Сумев произнести имя, затих, сжимая потные кулаки. Патахха исчез, размываясь, перетекая в женский стройный силуэт. И Убог, задыхаясь и исходя ночным потом, увидел прямо перед собой огромную пещеру, пронизанную столбами дымного света. Две высоких кучи хвороста, наваленного в грубые рамы, тонкие срубленные стволы связаны накрест веревками. И на одной – запеленутая в белое полотно фигура, бесформенная гусеница без головы и ног.
– А-а-а, – почти закричал спящий, увидев на другом ворохе растянутое веревками женское тело. Заплакал ребенок, громко и требовательно, как плачут совсем еще неразумные, только покинувшие материнский живот младенцы. Женщина открыла глаза, узкие черные и горячие, глянула ими прямо в сердце Убога, выгнула тело, изламывая руки. Затрещали, сгибаясь, тонкие стволики.
Звуки пришли и их стало так много, что спящий Убог растерялся, поднимая руки к ушам. Но прижатые к голове руки не мешали тому, что взрывалось, гремя и вопя, в голове. Детский плач, заунывная песня, глухой стук барабана, злые выкрики толпы, треск дерева, тяжкое рваное дыхание. И другой треск, что ширился, обжигая – под кучей хвороста, где лежало спеленутое тело, разгорался огонь.
– А-а-ахха, – Убог свернулся, поджимая к груди колени, мотая головой, чтоб вытрясти из нее звуки. Но они бесновались, покрываемые низким гудением пчел и мерным падением тяжких капель, – казалось, они срывались прямо на его лицо.
Вылезая из-под вязанок хвороста, пламя ухнуло, взорвалось высокими языками и, под женский крик и треск ломающегося дерева, Убог дернулся, выброшенный из какофонии рева и шума. Сел на матрасе, сжимая трясущиеся кулаки, всхлипнул, изо всех сил стараясь удержать исчезающий сон. Но тот, затихая, уходил, как уходит в травы весенняя мимолетная вода. И растаял, уступив место тишине глухой ночи.
Убог, подняв руки, вытер потное лицо обеими ладонями, задержал их на глазах. Шрам на груди горел, сердце неровно билось, утихомириваясь.
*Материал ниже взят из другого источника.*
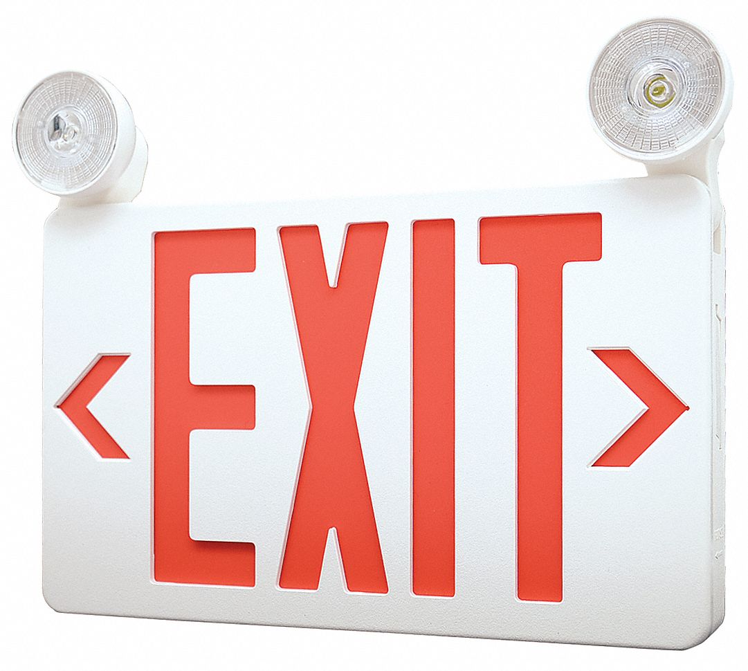 White, 1 or 2 Faces, Exit Sign with Emergency Lights - 6CGL8|6CGL8 ...

– Что, плохой сон? – женский шепот вкрадчиво протек через ночной воздух, коснулся мокрых ушей и Убог, вздрогнув, отвел руки от лица. В квадратное оконце светила луна и фигура женщины, сидящей на полу у него в ногах, казалась облитой снятым молоком. Так же сидела она на крыше, напротив, когда пел. Слушала и непонятно было, нравится ли ей, что поет Убог. А потом вставала и уходила, подхватывая тонкой рукой с сильной кистью тяжелые, тканые серебряной нитью, юбки. Встала и теперь. Но не ушла. Плавно мелькая голыми локтями, отстегнула на боку пряжку пояса, и накидка, наброшенная поверх длинной рубахи, упала к ногам.
– Я тебя успокою. Хочешь?
Пальцы шевелились, вытаскивая концы плетеного шнурка из выреза рубахи на высокой груди. И та, белея складками, открывала круглые плечи, блестевшие в лунном свете. Женщина чуть повернулась, позволяя луне осветить себя, блики легли на округлость полной груди.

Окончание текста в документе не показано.